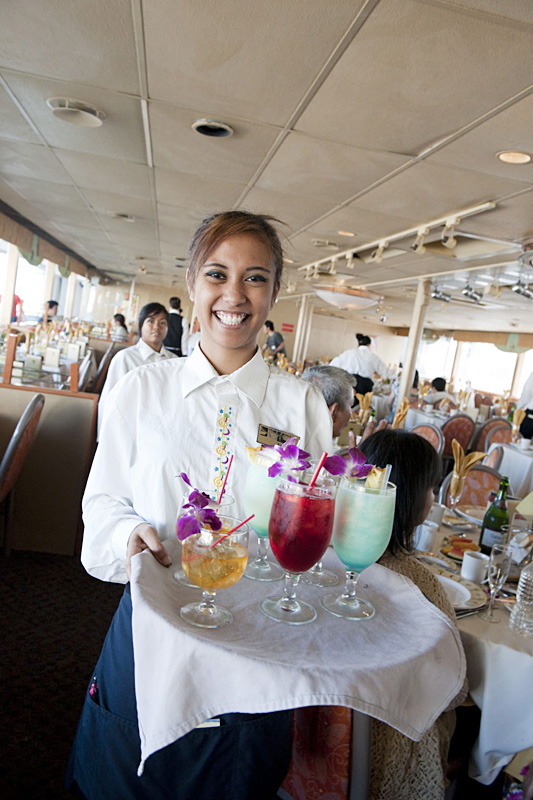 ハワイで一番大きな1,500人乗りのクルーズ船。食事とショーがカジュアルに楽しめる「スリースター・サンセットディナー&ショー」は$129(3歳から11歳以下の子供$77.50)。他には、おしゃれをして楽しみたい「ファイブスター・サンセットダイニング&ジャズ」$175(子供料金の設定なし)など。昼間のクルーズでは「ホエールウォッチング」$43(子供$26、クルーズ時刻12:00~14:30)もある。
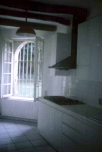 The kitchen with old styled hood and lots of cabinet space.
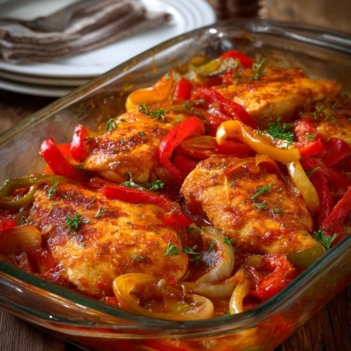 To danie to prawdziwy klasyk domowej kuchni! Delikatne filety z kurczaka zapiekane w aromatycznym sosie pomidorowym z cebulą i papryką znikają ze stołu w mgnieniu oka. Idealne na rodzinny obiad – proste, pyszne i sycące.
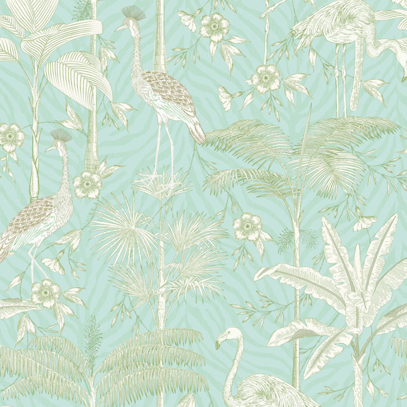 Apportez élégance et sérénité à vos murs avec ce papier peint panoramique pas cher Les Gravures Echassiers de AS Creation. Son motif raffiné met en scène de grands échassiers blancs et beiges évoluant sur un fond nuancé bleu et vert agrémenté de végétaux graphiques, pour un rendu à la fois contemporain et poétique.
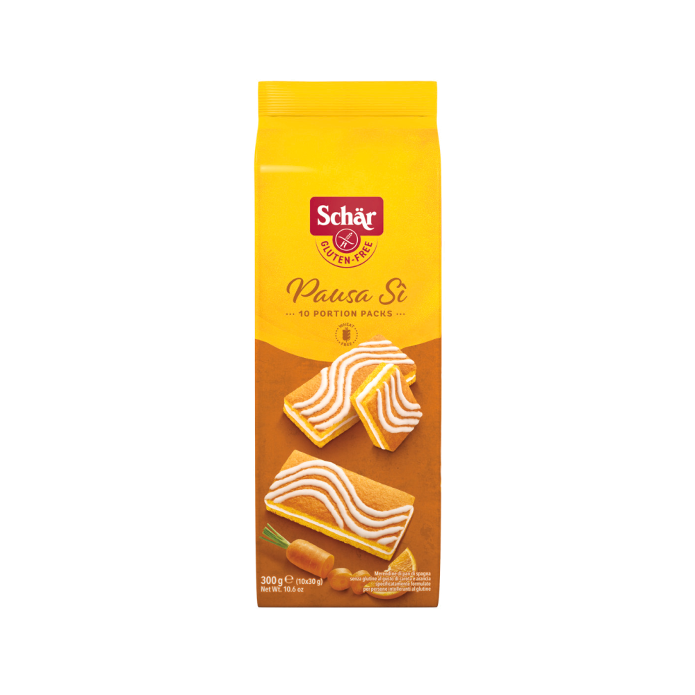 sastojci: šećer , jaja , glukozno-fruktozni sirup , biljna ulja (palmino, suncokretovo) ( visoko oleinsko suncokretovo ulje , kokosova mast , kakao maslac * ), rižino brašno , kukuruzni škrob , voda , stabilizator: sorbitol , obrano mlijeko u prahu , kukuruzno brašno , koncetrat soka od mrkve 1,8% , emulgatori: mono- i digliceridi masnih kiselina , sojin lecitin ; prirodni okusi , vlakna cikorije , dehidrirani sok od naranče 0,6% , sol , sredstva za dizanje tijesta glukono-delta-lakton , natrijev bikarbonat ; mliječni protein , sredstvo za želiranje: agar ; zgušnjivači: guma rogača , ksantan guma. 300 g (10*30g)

...

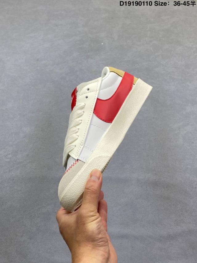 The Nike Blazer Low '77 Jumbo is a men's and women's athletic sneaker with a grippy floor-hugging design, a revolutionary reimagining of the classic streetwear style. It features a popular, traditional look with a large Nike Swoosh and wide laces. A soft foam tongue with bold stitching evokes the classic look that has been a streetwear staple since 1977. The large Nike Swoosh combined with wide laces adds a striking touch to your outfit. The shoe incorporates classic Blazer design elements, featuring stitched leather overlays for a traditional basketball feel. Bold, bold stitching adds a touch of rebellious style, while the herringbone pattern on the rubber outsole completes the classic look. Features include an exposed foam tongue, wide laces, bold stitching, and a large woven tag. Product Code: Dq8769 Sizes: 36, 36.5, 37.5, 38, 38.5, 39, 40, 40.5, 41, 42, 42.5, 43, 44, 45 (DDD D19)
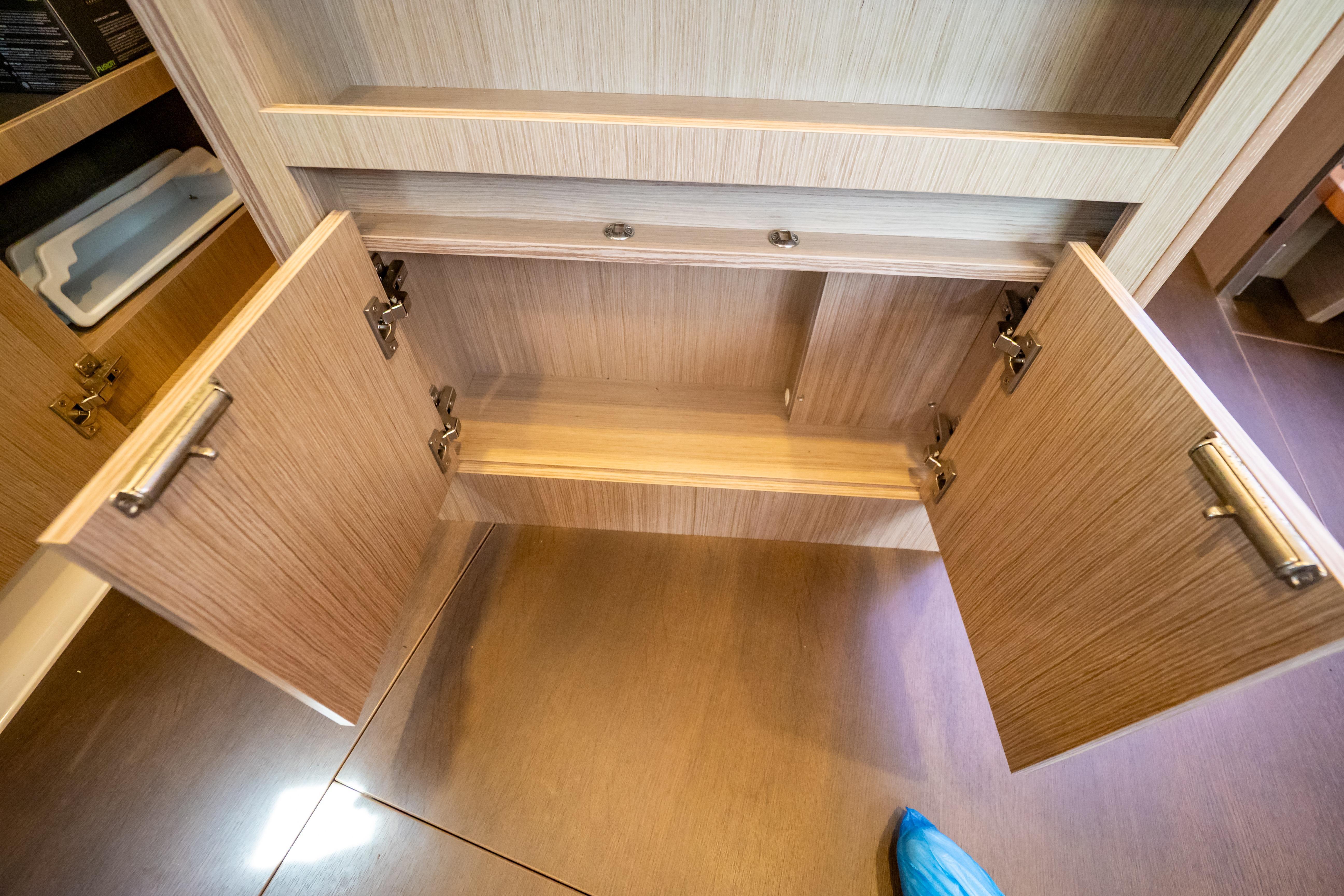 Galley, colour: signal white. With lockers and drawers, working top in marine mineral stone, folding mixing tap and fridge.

◆ **Problem**
Going by the data above, give back only the lines from the one containing "ハワイで一番大きな1,500" through the one containing "Apportez élégance et", exactly as they stand, both ends included and no images.

◆ **Expected answer**
 ハワイで一番大きな1,500人乗りのクルーズ船。食事とショーがカジュアルに楽しめる「スリースター・サンセットディナー&ショー」は$129(3歳から11歳以下の子供$77.50)。他には、おしゃれをして楽しみたい「ファイブスター・サンセットダイニング&ジャズ」$175(子供料金の設定なし)など。昼間のクルーズでは「ホエールウォッチング」$43(子供$26、クルーズ時刻12:00~14:30)もある。
 The kitchen with old styled hood and lots of cabinet space.
 To danie to prawdziwy klasyk domowej kuchni! Delikatne filety z kurczaka zapiekane w aromatycznym sosie pomidorowym z cebulą i papryką znikają ze stołu w mgnieniu oka. Idealne na rodzinny obiad – proste, pyszne i sycące.
 Apportez élégance et sérénité à vos murs avec ce papier peint panoramique pas cher Les Gravures Echassiers de AS Creation. Son motif raffiné met en scène de grands échassiers blancs et beiges évoluant sur un fond nuancé bleu et vert agrémenté de végétaux graphiques, pour un rendu à la fois contemporain et poétique.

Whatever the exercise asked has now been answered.